### The task
In the copy you make, keep each entry exactly as it is and leave out all images.

### Raw data
::::::

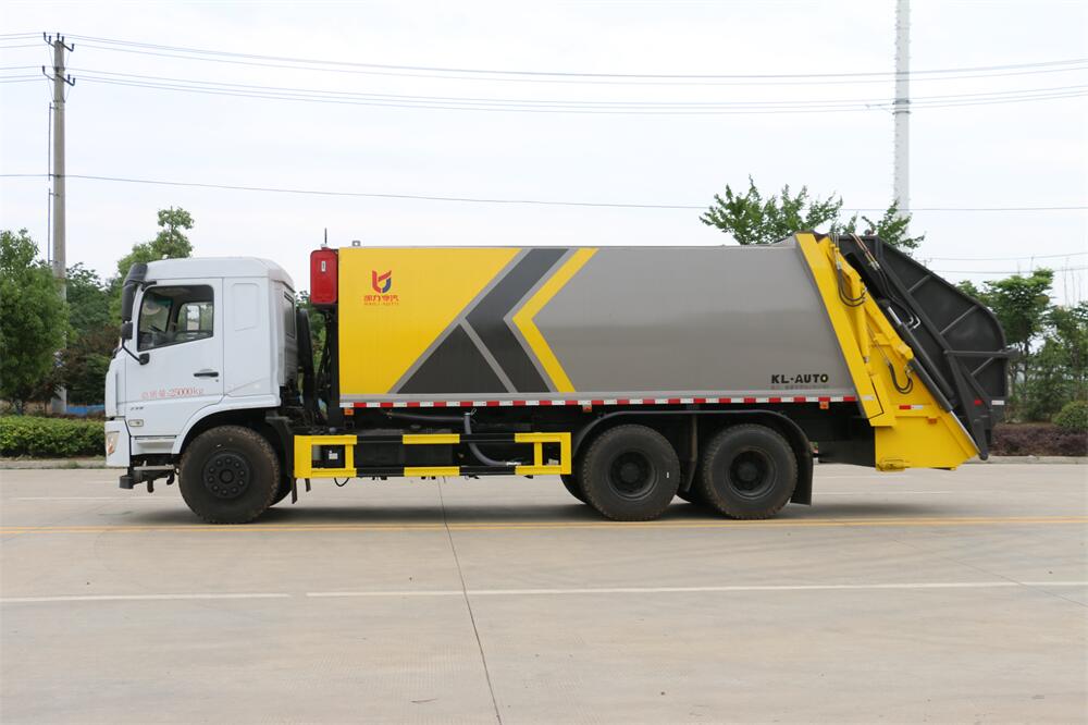 上裝配置:垃圾箱容積:18方,新款平面弧形廂體,廂體材料為武鋼優質碳鋼,PLC一鍵操作**,手電一體操作模式,兩側雙電控,帶駕駛室內操作,底板支撐加強,雙向壓縮,開放式易清潔污水箱。壓縮式垃圾車采用機電液一體化技術,借助機、電、液聯合自動**系統、電腦**、手動操作系統,通過填裝器和推鏟等專用裝置,實現垃圾倒入、壓碎或壓扁、強力裝填,把垃圾擠入車廂并壓實和推卸,污水全部進入污水廂,解決了垃圾運輸過程中的二次污染的問題。壓縮式垃圾車具有自動反復壓縮以及蠕動壓縮功能,壓縮比高、密封性好、裝載量大﹑操作方便、環保性好﹑整車利用功率高等優點。作業自動化,垃圾收集方式簡便、高效。后翻轉機構選裝:1、掛塑料桶式翻轉機構;2、掛鐵桶式翻轉機構;3、擺臂式翻轉機構; 4、簸箕斗式翻轉機構。
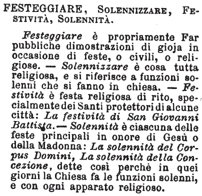 | Festeggiare, Solennizzare, Festività, Solennità - Festeggiare è propriamente Far pubbliche dimostrazioni di gioja in occasione di feste, o civili, o religiose. - Solennizzare è cosa tutta religiosa, e si riferisce a funzioni solenni che si fanno in chiesa. - Festività è festa religiosa di rito, specialmente dei Santi protettori di alcune città: La festività di San Giovanni Battista. - Solennità è ciascuna delle feste principali in onore di Gesù o della Madonna: La solennità del Corpus Domini, La solennità della Concezione, dette così perchè in quei giorni la Chiesa fa le funzioni solenni, e con ogni apparato religioso. [immagine] |
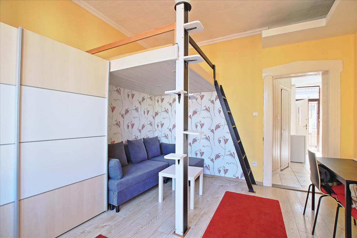 Eladó egy 27 m2-es, harmadik emeleti, jó állapotú, egy szobás, galériás, zöld udvarra néző lakás a Mátyás tér mellett a Szerdahelyi utcában, remek közlekedésű, jól ellátott helyen.
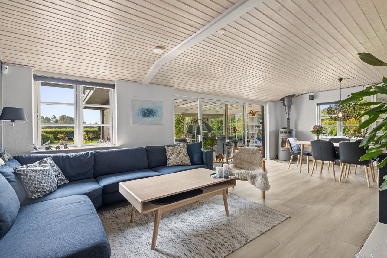 Haven indbyder til både liv og ro. Den store, nyanlagte fliseterrasse fanger solen dagen igennem og giver plads til krukker, loungemøbler og lange sommeraftener. Græsset er grønt, flaget vajer, og bag hækken breder marklandskabet sig frit. Udestuen med klinkegulv og skydedør forlænger sæsonerne og åbner hjemmet mod haven. Et hyggeligt anneks fungerer som gæsteværelse, og carporten samt udhuset giver god plads til det praktiske.
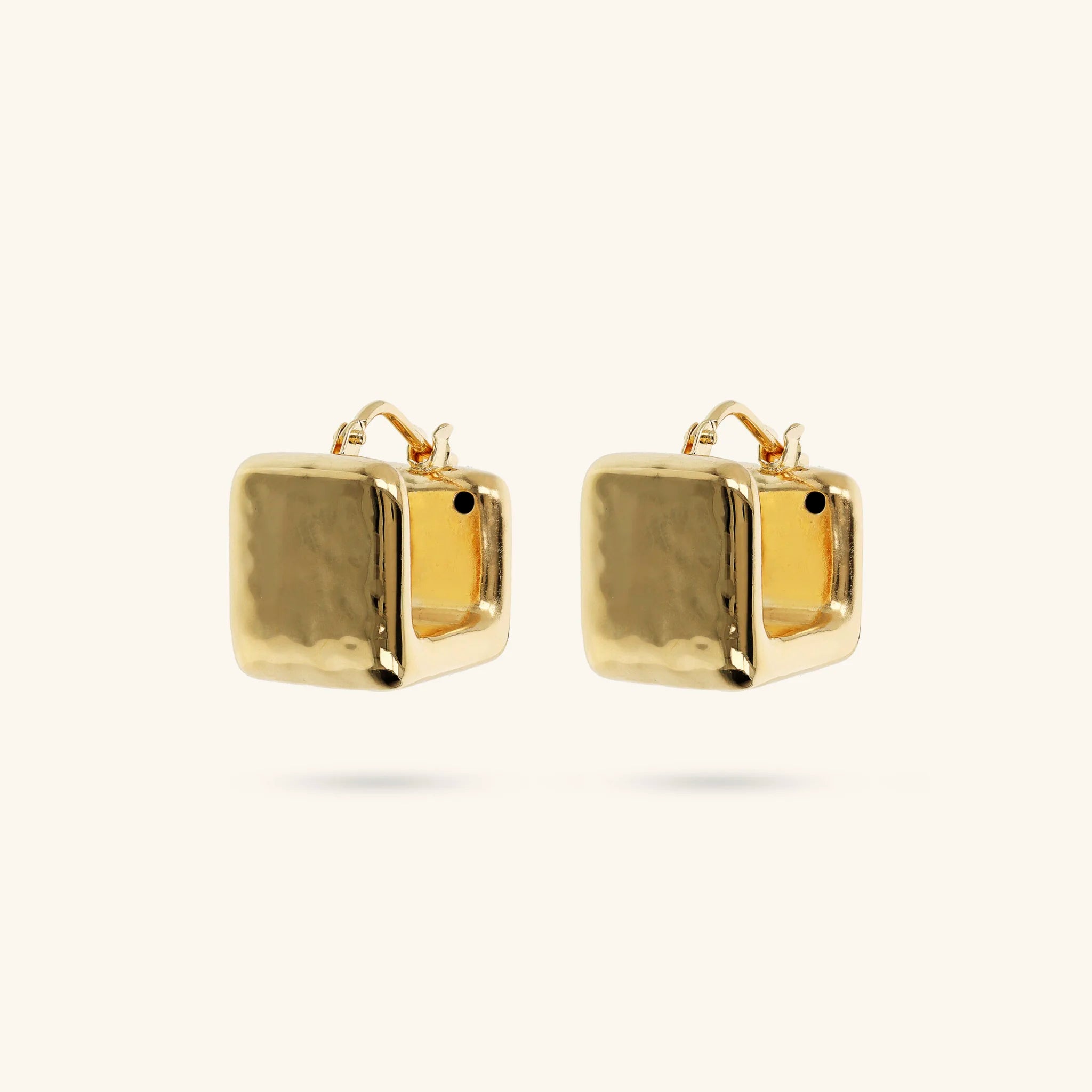 Boucles d'oreilles créoles Etrusca Gioielli réalisées sur une base dorée, dorée à l'or fin 18ct, de forme carrée avec une surface martelée ; fermoir à baïonnette.
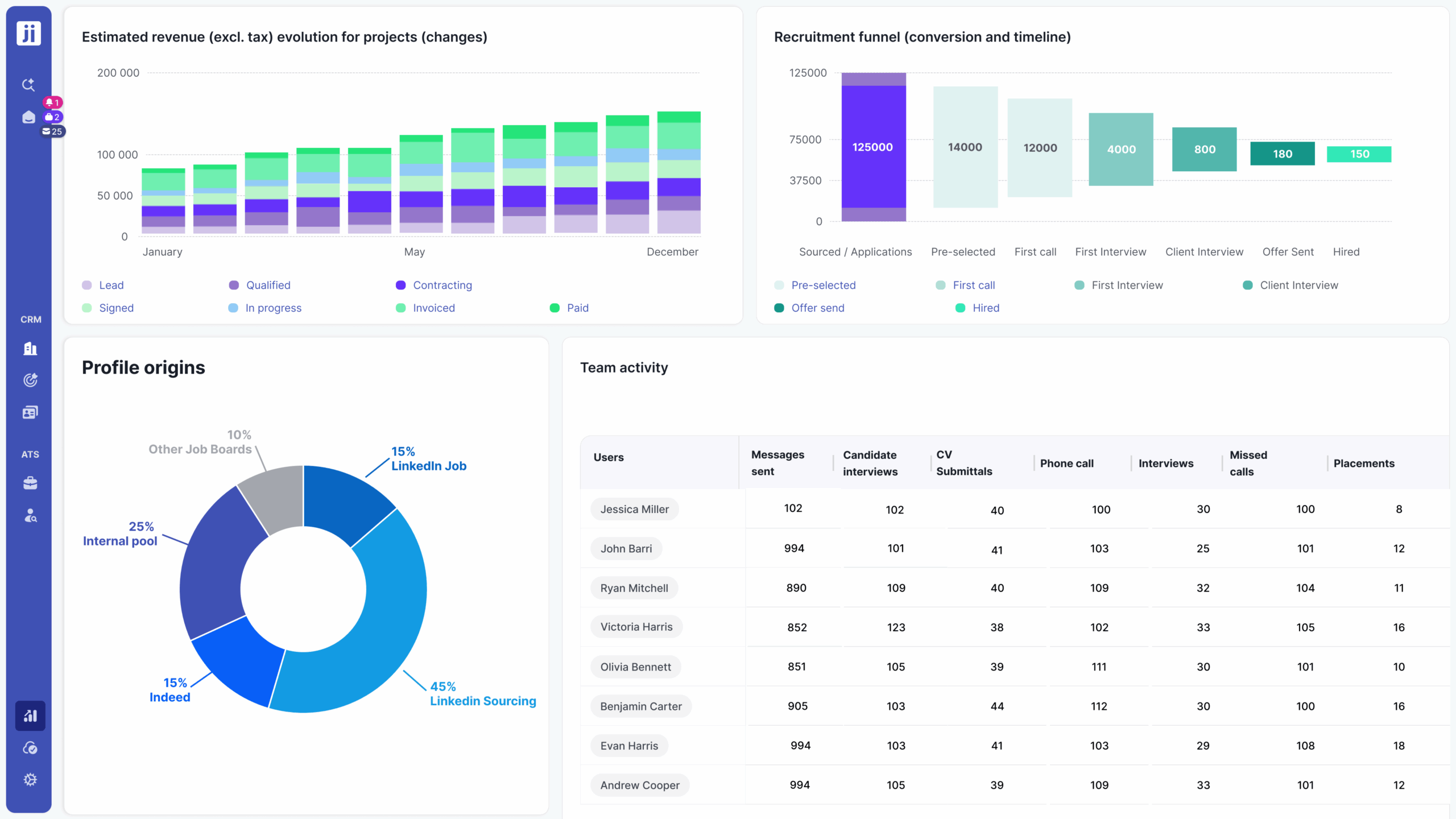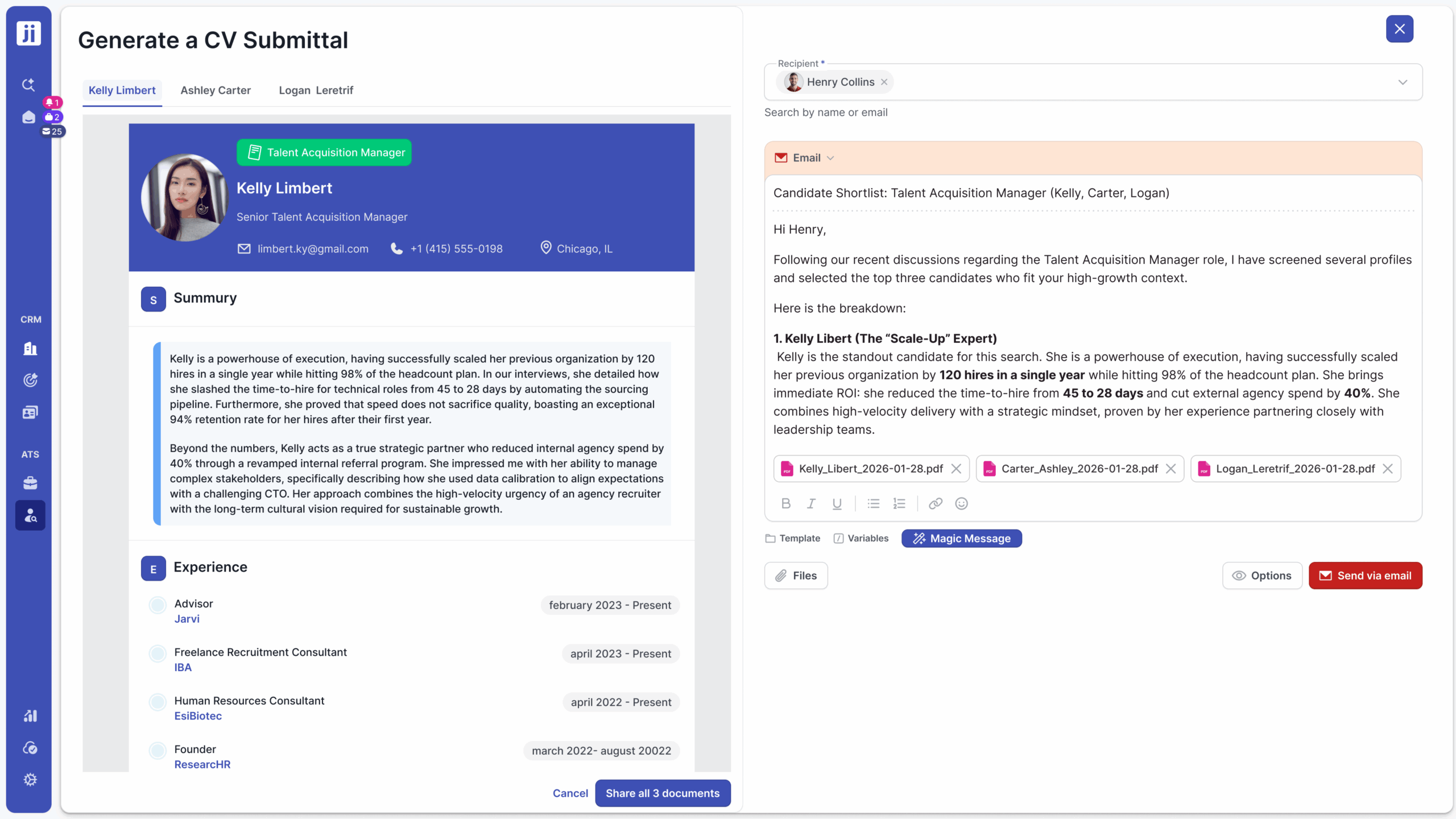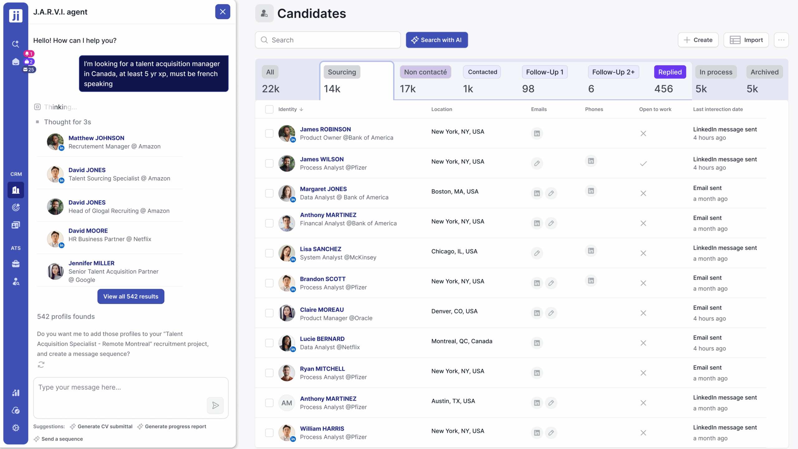 Let Jarvi handle data entry, follow-ups, and reporting while you build relationships and make placements. And much more.

::::::

### Reply to the task
 上裝配置:垃圾箱容積:18方,新款平面弧形廂體,廂體材料為武鋼優質碳鋼,PLC一鍵操作**,手電一體操作模式,兩側雙電控,帶駕駛室內操作,底板支撐加強,雙向壓縮,開放式易清潔污水箱。壓縮式垃圾車采用機電液一體化技術,借助機、電、液聯合自動**系統、電腦**、手動操作系統,通過填裝器和推鏟等專用裝置,實現垃圾倒入、壓碎或壓扁、強力裝填,把垃圾擠入車廂并壓實和推卸,污水全部進入污水廂,解決了垃圾運輸過程中的二次污染的問題。壓縮式垃圾車具有自動反復壓縮以及蠕動壓縮功能,壓縮比高、密封性好、裝載量大﹑操作方便、環保性好﹑整車利用功率高等優點。作業自動化,垃圾收集方式簡便、高效。后翻轉機構選裝:1、掛塑料桶式翻轉機構;2、掛鐵桶式翻轉機構;3、擺臂式翻轉機構; 4、簸箕斗式翻轉機構。
 | Festeggiare, Solennizzare, Festività, Solennità - Festeggiare è propriamente Far pubbliche dimostrazioni di gioja in occasione di feste, o civili, o religiose. - Solennizzare è cosa tutta religiosa, e si riferisce a funzioni solenni che si fanno in chiesa. - Festività è festa religiosa di rito, specialmente dei Santi protettori di alcune città: La festività di San Giovanni Battista. - Solennità è ciascuna delle feste principali in onore di Gesù o della Madonna: La solennità del Corpus Domini, La solennità della Concezione, dette così perchè in quei giorni la Chiesa fa le funzioni solenni, e con ogni apparato religioso. [immagine] |
 Eladó egy 27 m2-es, harmadik emeleti, jó állapotú, egy szobás, galériás, zöld udvarra néző lakás a Mátyás tér mellett a Szerdahelyi utcában, remek közlekedésű, jól ellátott helyen.
 Haven indbyder til både liv og ro. Den store, nyanlagte fliseterrasse fanger solen dagen igennem og giver plads til krukker, loungemøbler og lange sommeraftener. Græsset er grønt, flaget vajer, og bag hækken breder marklandskabet sig frit. Udestuen med klinkegulv og skydedør forlænger sæsonerne og åbner hjemmet mod haven. Et hyggeligt anneks fungerer som gæsteværelse, og carporten samt udhuset giver god plads til det praktiske.
 Boucles d'oreilles créoles Etrusca Gioielli réalisées sur une base dorée, dorée à l'or fin 18ct, de forme carrée avec une surface martelée ; fermoir à baïonnette.
 Let Jarvi handle data entry, follow-ups, and reporting while you build relationships and make placements. And much more.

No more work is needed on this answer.